* [PROBLEM]:
Only the text is wanted; write out each record below exactly and exclude all pictures.

==*==

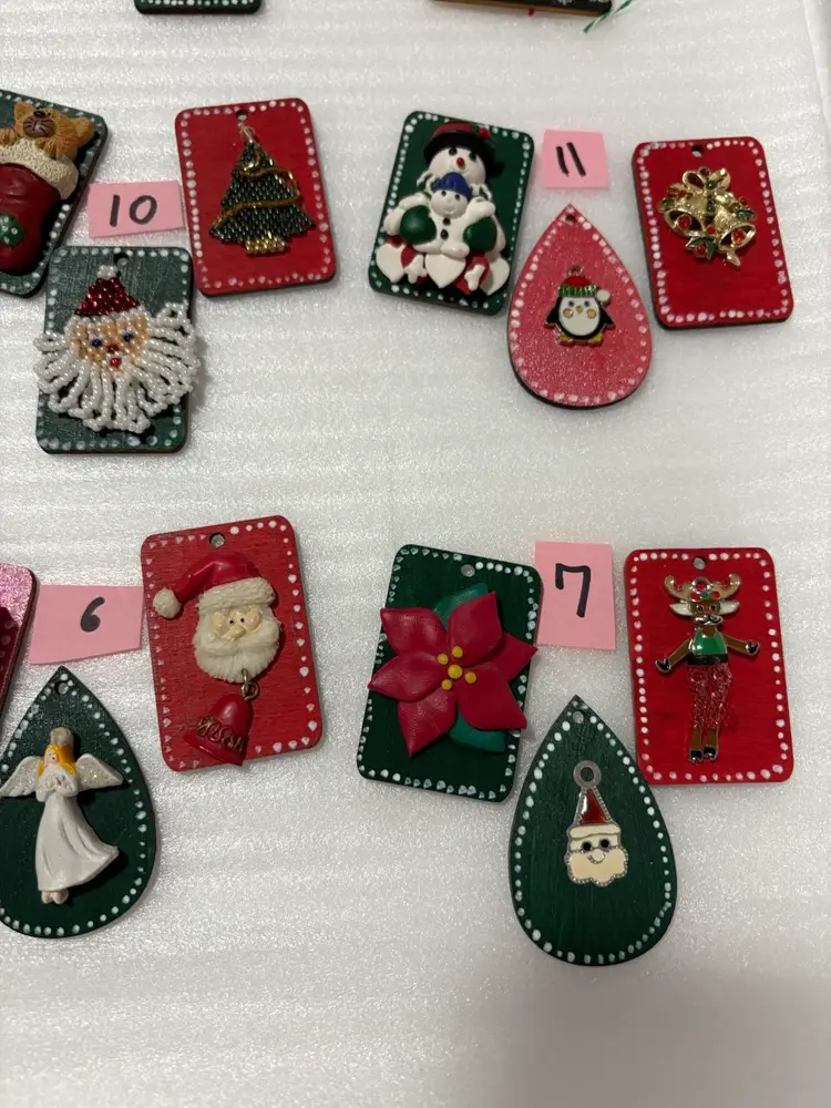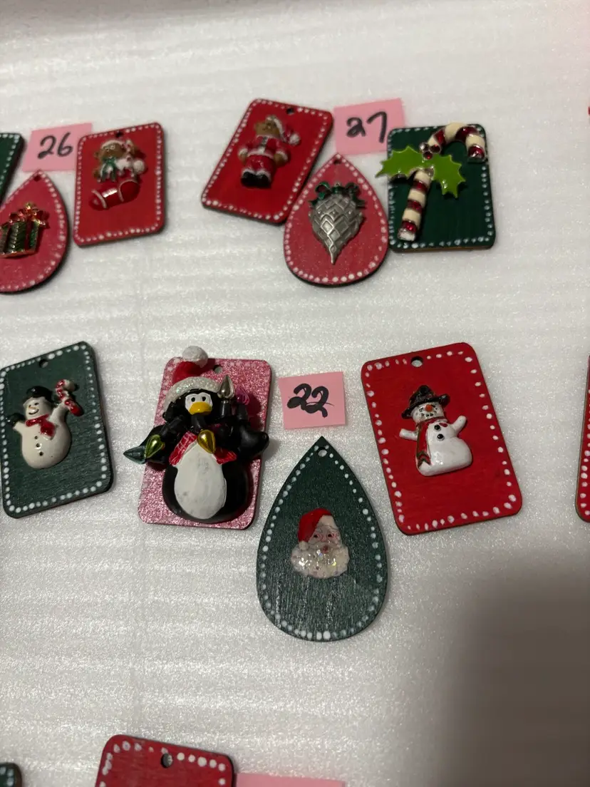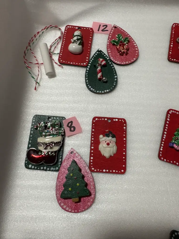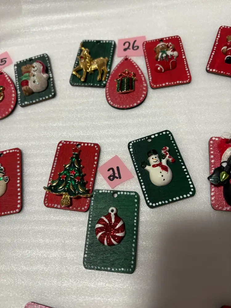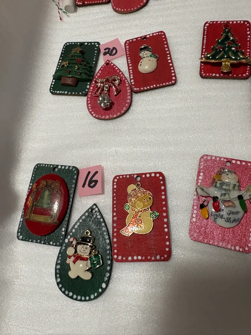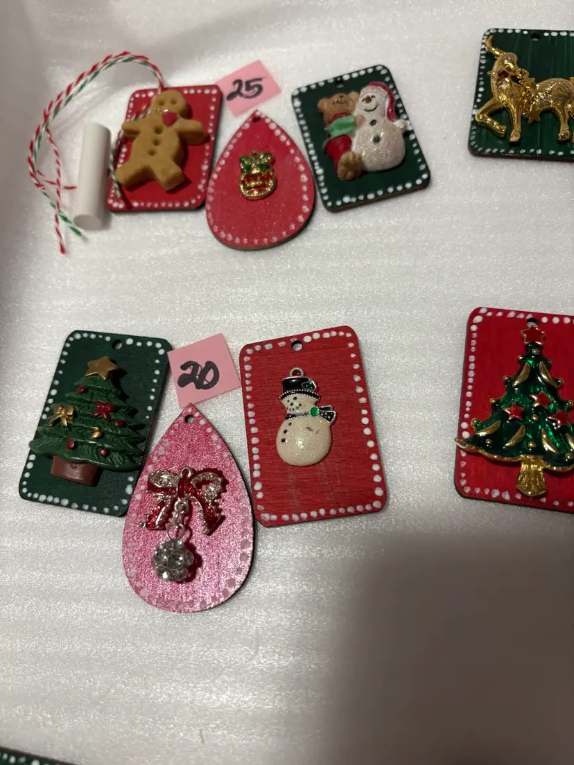 Hand painted/decorated 2x1 inch. Back side is chalkboard paint each set comes with piece of chalk and strings. Shipping $5for 1st set additional $1 for each set. Will add a few other listings with more sets.
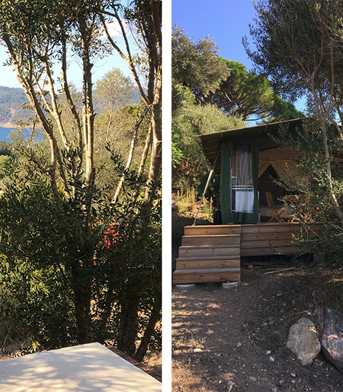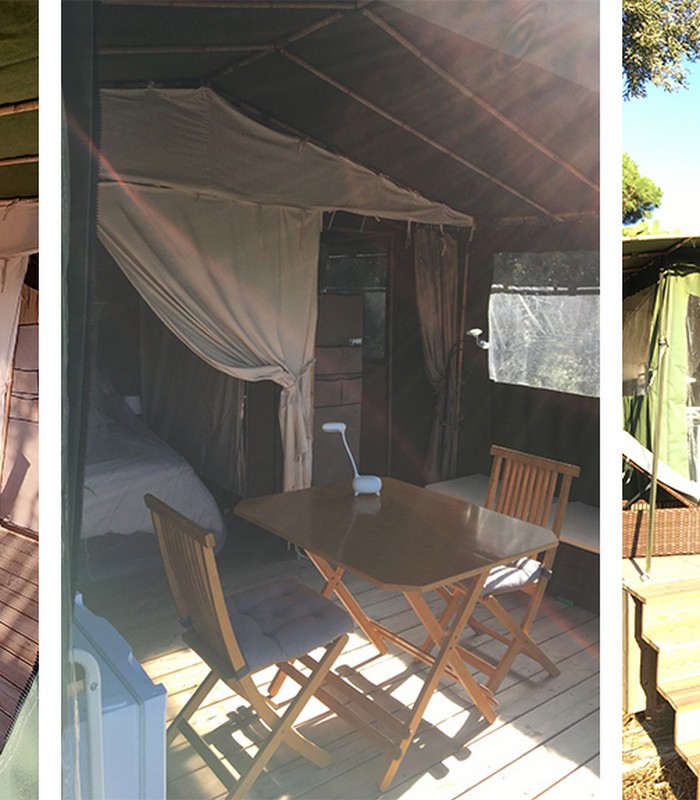3 Tentes Safari version «Out of Africa», posées sur une plateforme de 30 m2 en bois sans vis-à-vis, entourées d’arbres avec chacune une terrasse (avec mobilier de jardin et vue sur mer).
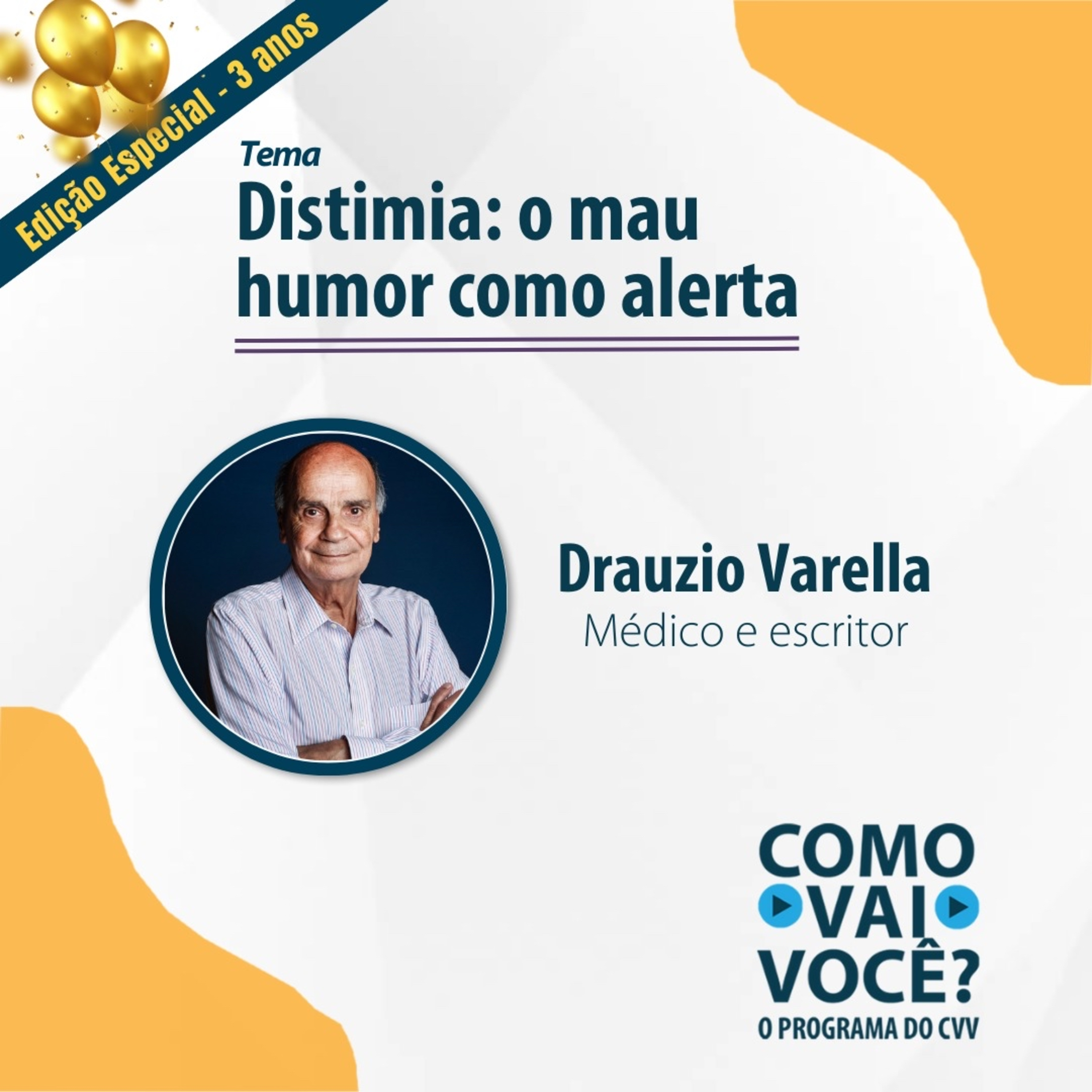 O #PodcastDoCVV traz um bate-papo com o médico Drauzio Varella sobre distimia, um tipo de depressão crônica que tem como principais sintomas a irritabilidade, a baixa autoestima, o desânimo, a tristeza e a predominância de pensamentos negativos.
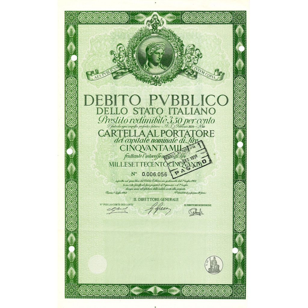 The history of loans from the period of the Italian State's Public Debt redeemable at 3.5 per cent bearer bonds in denominations of 100 to 100,000 lire represents an aspect of the country's financial system and debt policies during that specific period. These financial instruments helped support the Italian economy and cover public expenses, providing an investment opportunity for Italian citizens.
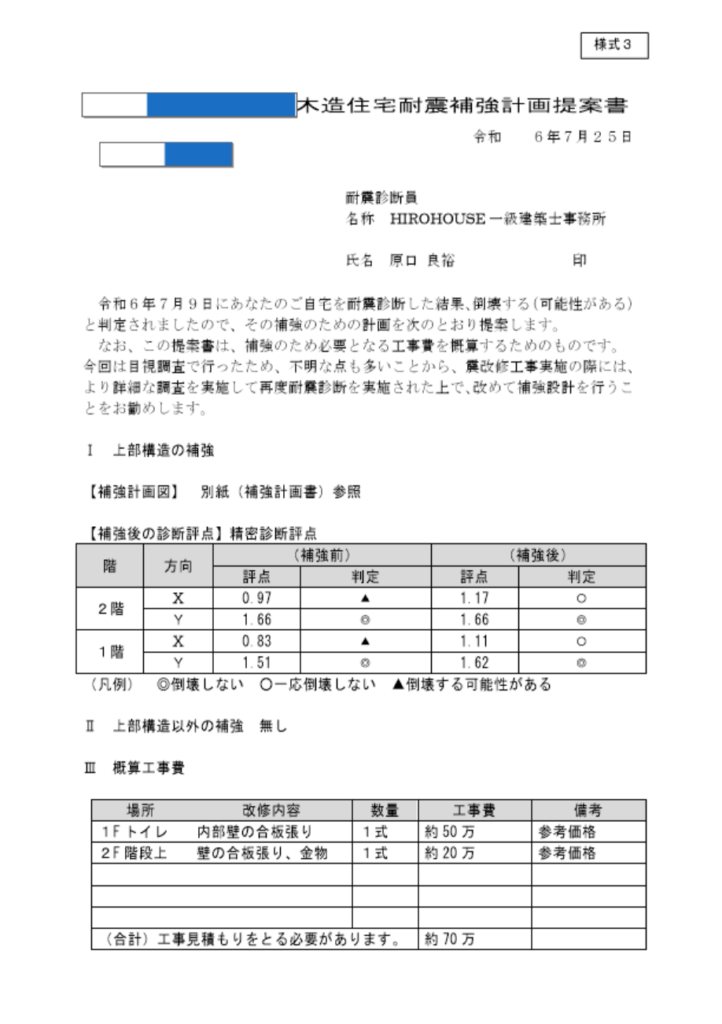 2:補強計画提案書(補強して評点1.11:一応倒壊しない。) ※計算プログラムは省略
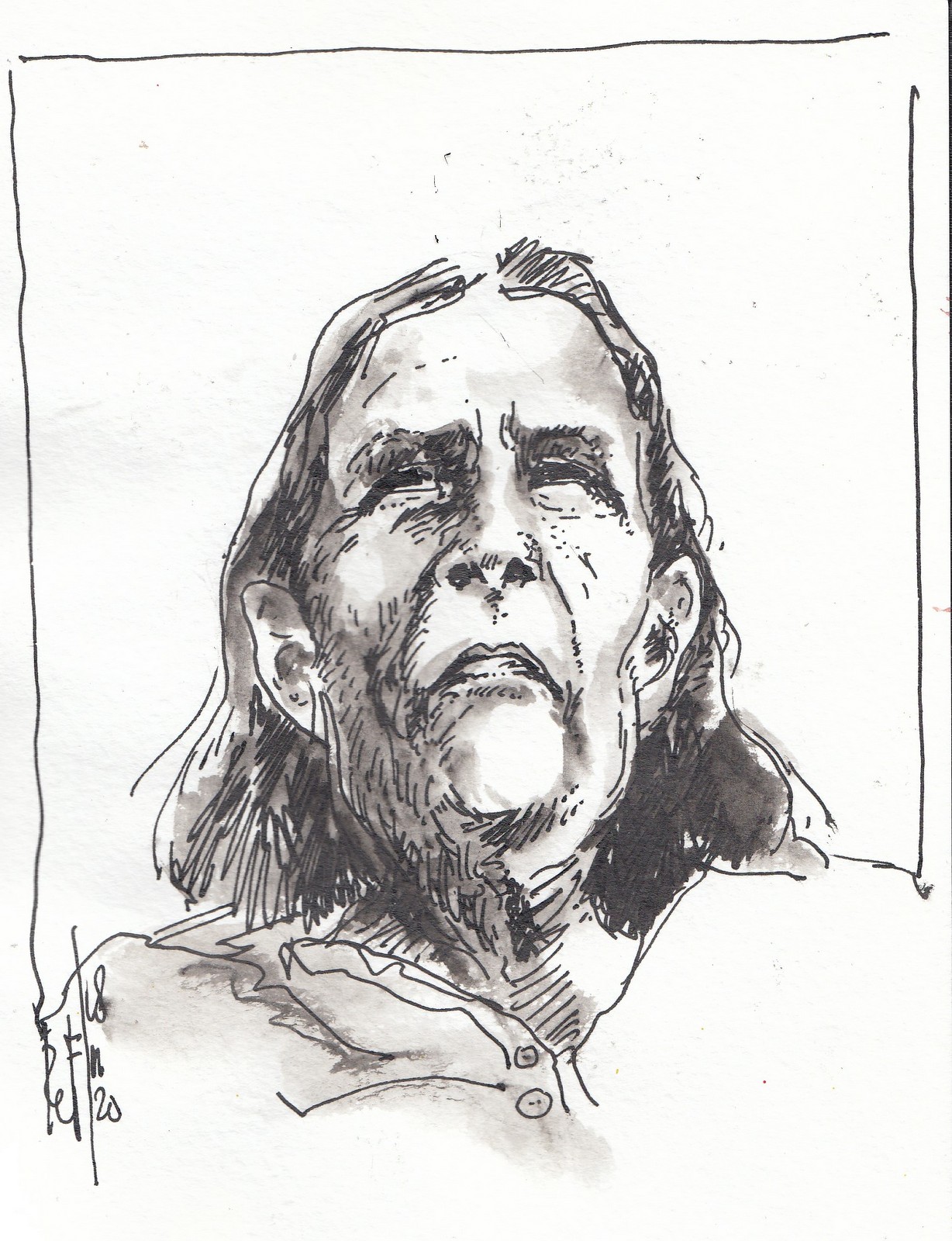 Portrait of a man, based on a picture found on the Internet, I can't recall who made it. Fountain pen, I wash the ink before it's dry with a waterbrush. I found the original photographer: Jim Zuckerman.
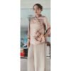 Rập nguyên bộ, quần suông lưng thun có túi.
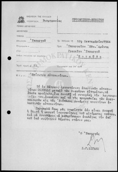 Αλληλογραφία του Υπουργείου Εθνικής Άμυνας με το Υπουργείο Βιομηχανίας - 12/09/1964
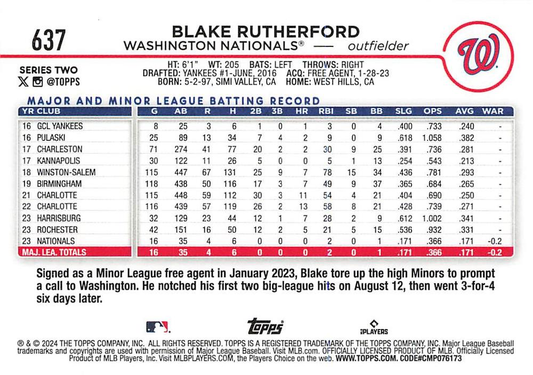 2024 Topps Series 2 Blake Rutherford RC Washington Nationals #637
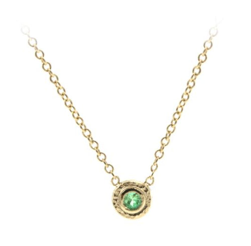18K Yellow Gold with One Emerald, AA Quality, Bezel Set, Hammered Finish, Length=16"
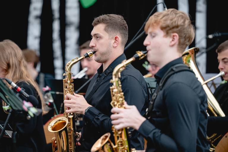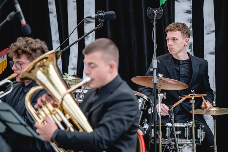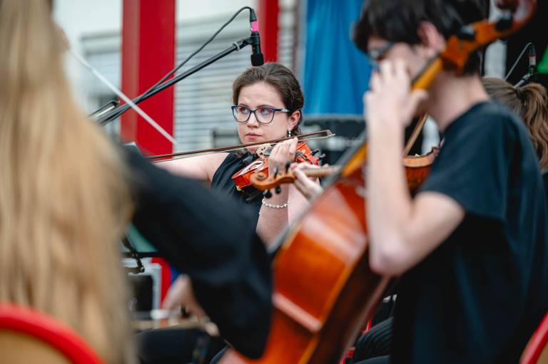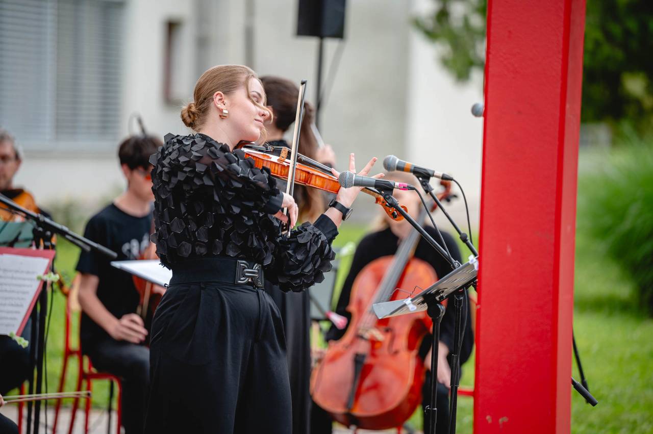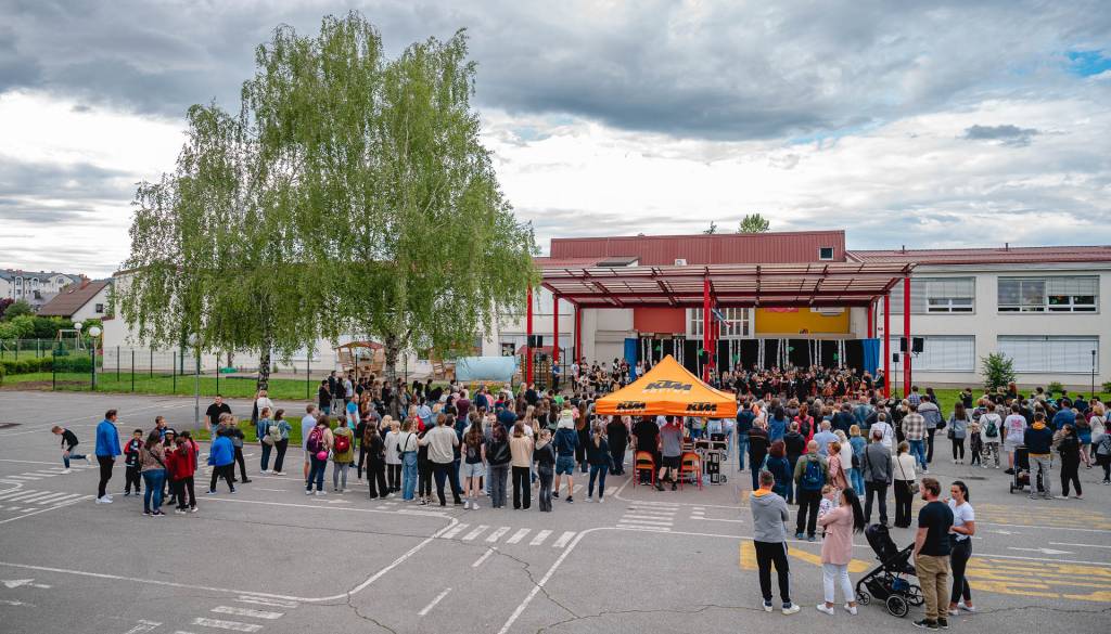 Glasbeniki Študentskega orkestra Maribor so na svoje instrumente ponovno za dober namen zaigrali pod brezami OŠ Gustava Šiliha Maribor

==*==

* [ANSWER SECTION]:
 Hand painted/decorated 2x1 inch. Back side is chalkboard paint each set comes with piece of chalk and strings. Shipping $5for 1st set additional $1 for each set. Will add a few other listings with more sets.
3 Tentes Safari version «Out of Africa», posées sur une plateforme de 30 m2 en bois sans vis-à-vis, entourées d’arbres avec chacune une terrasse (avec mobilier de jardin et vue sur mer).
 O #PodcastDoCVV traz um bate-papo com o médico Drauzio Varella sobre distimia, um tipo de depressão crônica que tem como principais sintomas a irritabilidade, a baixa autoestima, o desânimo, a tristeza e a predominância de pensamentos negativos.
 The history of loans from the period of the Italian State's Public Debt redeemable at 3.5 per cent bearer bonds in denominations of 100 to 100,000 lire represents an aspect of the country's financial system and debt policies during that specific period. These financial instruments helped support the Italian economy and cover public expenses, providing an investment opportunity for Italian citizens.
 2:補強計画提案書(補強して評点1.11:一応倒壊しない。) ※計算プログラムは省略
 Portrait of a man, based on a picture found on the Internet, I can't recall who made it. Fountain pen, I wash the ink before it's dry with a waterbrush. I found the original photographer: Jim Zuckerman.
 Rập nguyên bộ, quần suông lưng thun có túi.
 Αλληλογραφία του Υπουργείου Εθνικής Άμυνας με το Υπουργείο Βιομηχανίας - 12/09/1964
 2024 Topps Series 2 Blake Rutherford RC Washington Nationals #637
18K Yellow Gold with One Emerald, AA Quality, Bezel Set, Hammered Finish, Length=16"
 Glasbeniki Študentskega orkestra Maribor so na svoje instrumente ponovno za dober namen zaigrali pod brezami OŠ Gustava Šiliha Maribor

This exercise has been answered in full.